3 in 4 execs expect cybersecurity breaches from 'internal staff error'

'Given the increase in virtual/hybrid work, companies should do cybersecurity training at least quarterly'

3 in 4 execs expect cybersecurity breaches from 'internal staff error'

For all the talk of companies facing ransomware attacks, many executives (71%) actually believe that their company's next cybersecurity breach will likely be because of an internal staff error.

This is close to the 75% of respondents who said that their next cybersecurity breach would be because of an external hacker, according to a survey by EisnerAmper's Outsourced IT Services.

Other causes cited by the respondents include:

  • a third-party vendor (27%)
  • malicious internal staff intent (23%)
  • a lack of training (18%)
  • lost or stolen equipment (18%)
  • old or unreliable software or hardware (15%)
  • a lack of protocols or policy (13%)
  • significant use of open source or cloud technology (13%)
  • use of corporate equipment by non-employees (6%)

The findings come as various employers recently reported cybersecurity breaches, putting at risk the information of employees and customers alike.

In South Australia, over 90,000 public servants had their personal data stolen after a cyberattack on the state government's payroll provider.

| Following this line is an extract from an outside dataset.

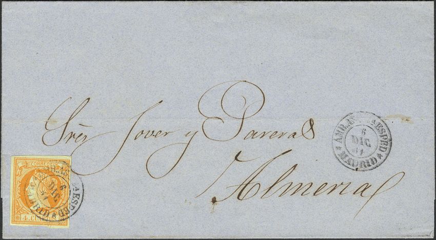 52. 1860. 4 cuartos yellow. MADRID to ALMERIA. Postmark AMB.DESC.2ª ESPED / *MADRID*. MAGNIFICENT.
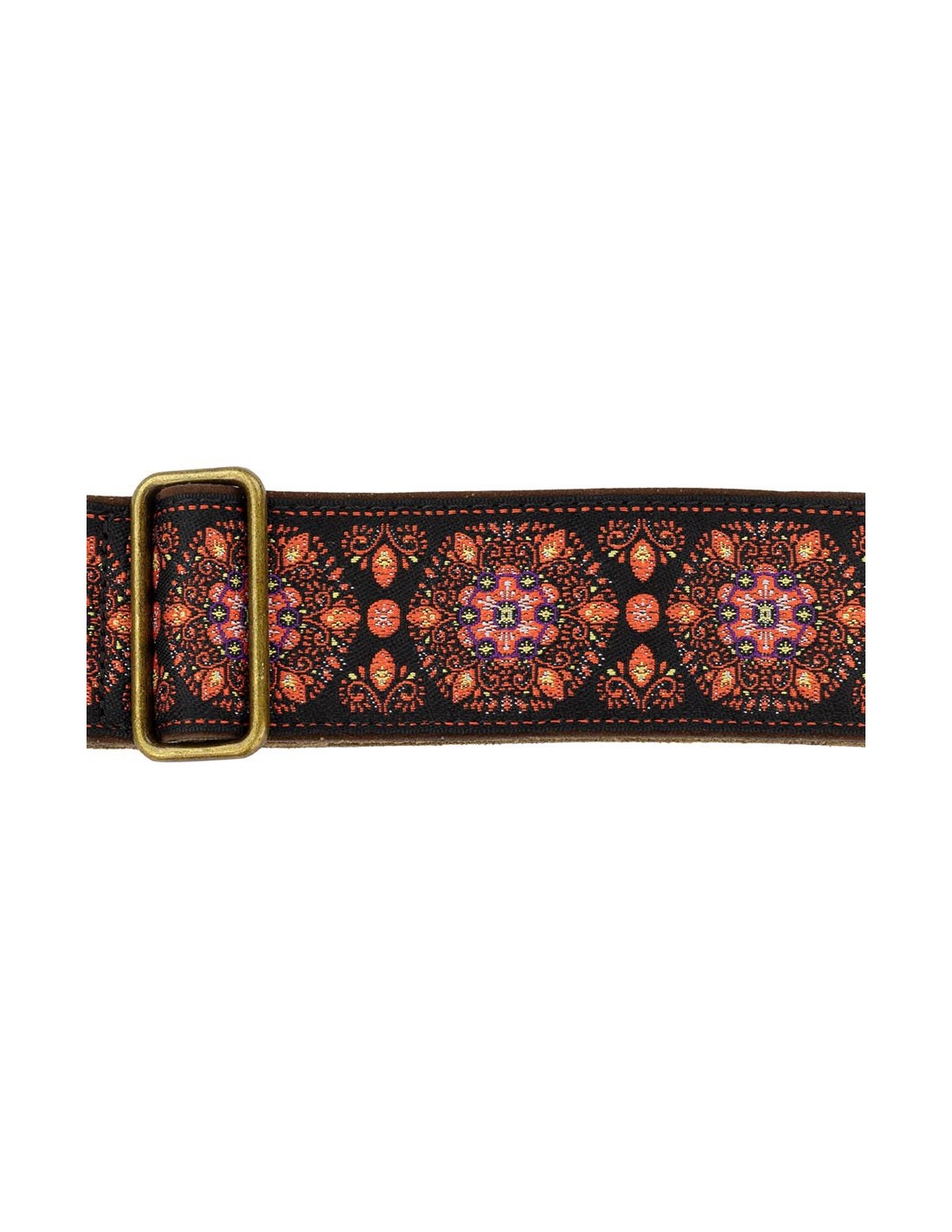 guitar strap, 2" jacquard weave, leather slips with pins, brass buckle, suede backing, bl/pk

In Canada, employees of Huron-Superior Catholic District School Board may have had their personal information compromised due to a recent cyberattack.

COVID-19 vaccine maker AstraZeneca even alleged in 2020 that its employees were targeted by cyberattacks from North Korea through fake job offers.

Rahul Mahna, partner and head of Outsourced IT Services at EisnerAmper, said the advent of virtual and hybrid work "exposed a wide array of new cybersecurity threats, many coming from the inside."

Preparations for cyberattacks

Findings from EisnerAmper's report also revealed that 51% of employers are only "somewhat prepared" for cyberattacks, while only 39% feel "very prepared" for them.

Only 50% of the 113 executive respondents also said they are conducting regular cybersecurity training, while 32% admitted that their annual spend on cybersecurity as a percentage of overall technology outlays was only between one and three per cent.

The report also found that only eight per cent of employers are planning to increase their IT budgets, while 24% plan to increase their IT staffing.

The pandemic has prompted "huge spikes" in COVID-19 fraud through phishing emails and fake websites. By 2022, KnowBe4 revealed that employees are more likely to be victimised by HR-related phishing emails.

Move investment urged

With the threat of cybersecurity coming from the inside, employers are urged to "optimise their resources" to ensure that they are taking proactive measures.

"An important first step is training staff and refreshing that education at regular intervals. Given the increase in virtual/hybrid work, most companies should be conducting cybersecurity training at least quarterly," Mahna said in a statement.

Employers are also told to put more premium on cybersecurity spending to avoid potential losses in the future.

"In good times or bad, cybersecurity spending should always remain a top priority that yields significant return in losses avoided," Mahna said.